Rabu, 31 Mei 2017

KEMBALIKAN MAKNA PANCASILA






Selama ini di depan kami
Terus kalian singkat-singkat pancasila
Karena kalian takut ketauan

Sila-sila yang kalian maksud
Sila-sila yang kalian anut
Tidak sebagaimana yang kalian tatarkan
Kepentiangan-kepentingan sempit sesaat
Telah terlalu jauh menyeret kalian

Makna pancasila kalian pun selama ini adalah:
KESESATAN YANG MAHA PERKASA
KEBINATANGAN YANG DEGIL DAN BERADAB
PERSETERUAN INDONESIA
KEKUASAAN YANG DIPIMPIN OLEH NIKMAT KEPENTINGAN
DALAM KEKERABATAN/PERKAWANAN
KELALIMAN SOSIAL BAGI SELURUH RAKYAT INDONESIA
Dan sorga kamipun menjadi neraka

Di depan dunia
Ibu pertiwi menangis memilukan
Merah putihnya di cabik-cabik
Anak-anaknya sendiri bagai serigala
Menjarah dan memperkosanya

O, Gusti kebiadaban apa ini?
O, azab apa ini?

Gusti,
Sampai memohon ampun kepada Mu pun kami tak berani lagi

(K.H.A. Mustofa Bisri, 1998)


            Adalah sangat disayangkan bahwa belakangan ini banyak kelompok-kelompok yang tidak bertanggugjawab ingin mengganti ideologi pancasila dengan konsep lain. Mereka berdalih bahwa selama tujuh puluh tahun lebih Indonesia merdeka, dan sudah setua itu pula pancasila dijadikan dasar Negara belum mampu menyahuti keadilan bagi seluruh masyarakat, bahkan keadilan itu sendiri di injak-injak. Kalau kita kembali kepada sejarah, ini bukanlah hal yang aneh dan sesuatu yang baru, sehari setelah pancasila selesai di konsep, maka dari sekelompok orang memprotes kesepakatan tersebut agar di rubah menjadi lebih pluralis dan bisa mewakili semua suku bangsa yang ada di tanah air. Akhirnya dengan kearifan para founding fathers Bangsa ini bisa mengakomodir berbagai perbedaan-perbedaan tersebut.
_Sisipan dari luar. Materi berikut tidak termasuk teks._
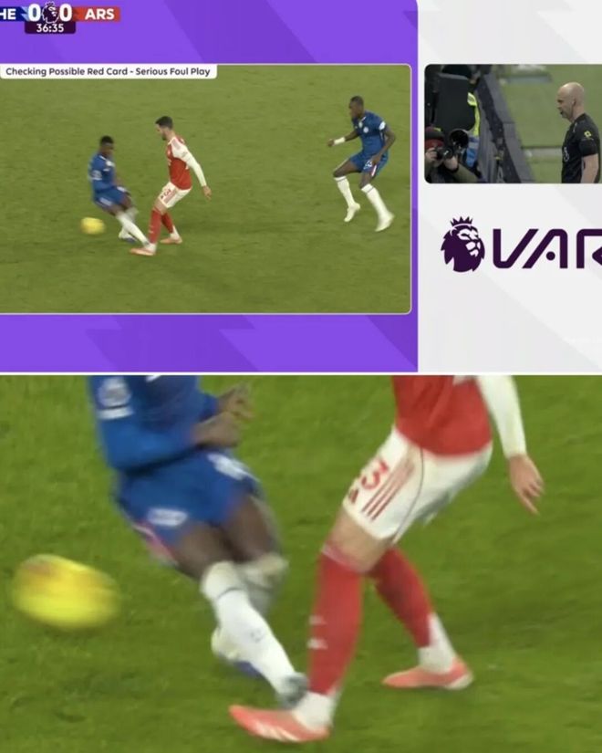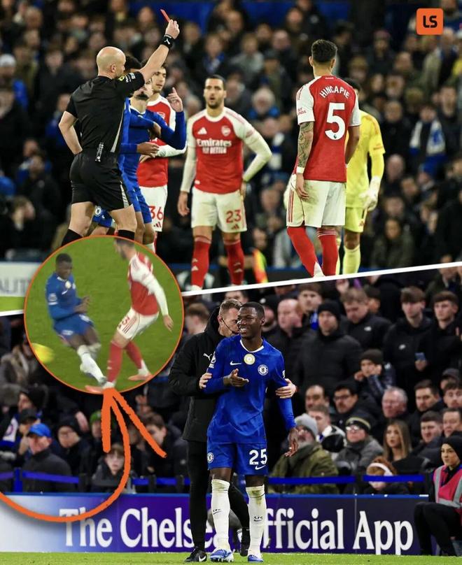 凯塞多在一次拼抢中,踩踏梅里诺,主裁判在经过VAR回放之后,直接出示红牌将其罚下,蓝军得不得在主场10人迎战。

            Pancasila sebenarnya merupakan konsep yang ideal sesuai dengan tipologi orang Indonesia dan telah pula menjadi dasar Negara yang baku, karenanya tidak pantas jika ada yang berkenan merubahnya. Tetapi kita harus akui juga bahwa masih banyak sila yang dikangkangi secara terang-terangan, masalah keadilan misalnya, yang hanya tajam kebawah tapi tumpul keatas, lengkapnya masalah-masalah yang dimaksud ada pada bait-bait puisi diatas. Jadi bukan pancasilanya yang salah dan harus di rubah, tetapi orang yang berwenag menerapkan pancasila itu yang harus di rubah dan berubah.
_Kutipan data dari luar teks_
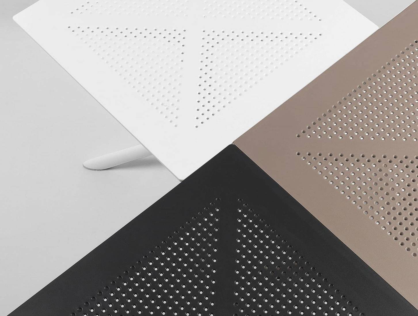 Specjalnie zaprojektowany, aby zajmować bardzo mało miejsca, Clip to profesjonalny kwadratowy stół z żywicy z włókna szklanego, centralny wspornik z czterema szprychami i blat DurelTop, z fotograwerowanym okrągłym perforowanym wzorem.

            Sama halnya dengan puasa, pada tataran ideal puasa seharusnya mampu menjadi benteng, menahan diri dari berbagai tindakan-tindakan yang tidak dan kurang terpuji, tetapi pada tataran faktual banyak juga kita saksikan bahwa puasanya tersebut tidak berdampak apa-apa, justru malah menjadikannya modus untuk melakukan kejahatan. Hadir kemesjid dengan tujuan mencuri misalnya. Jadi sekali lagi, bukan puasanya yang salah, tetapi orang yang melaksanakannya yang kurang memahami esensi dari puasa itu.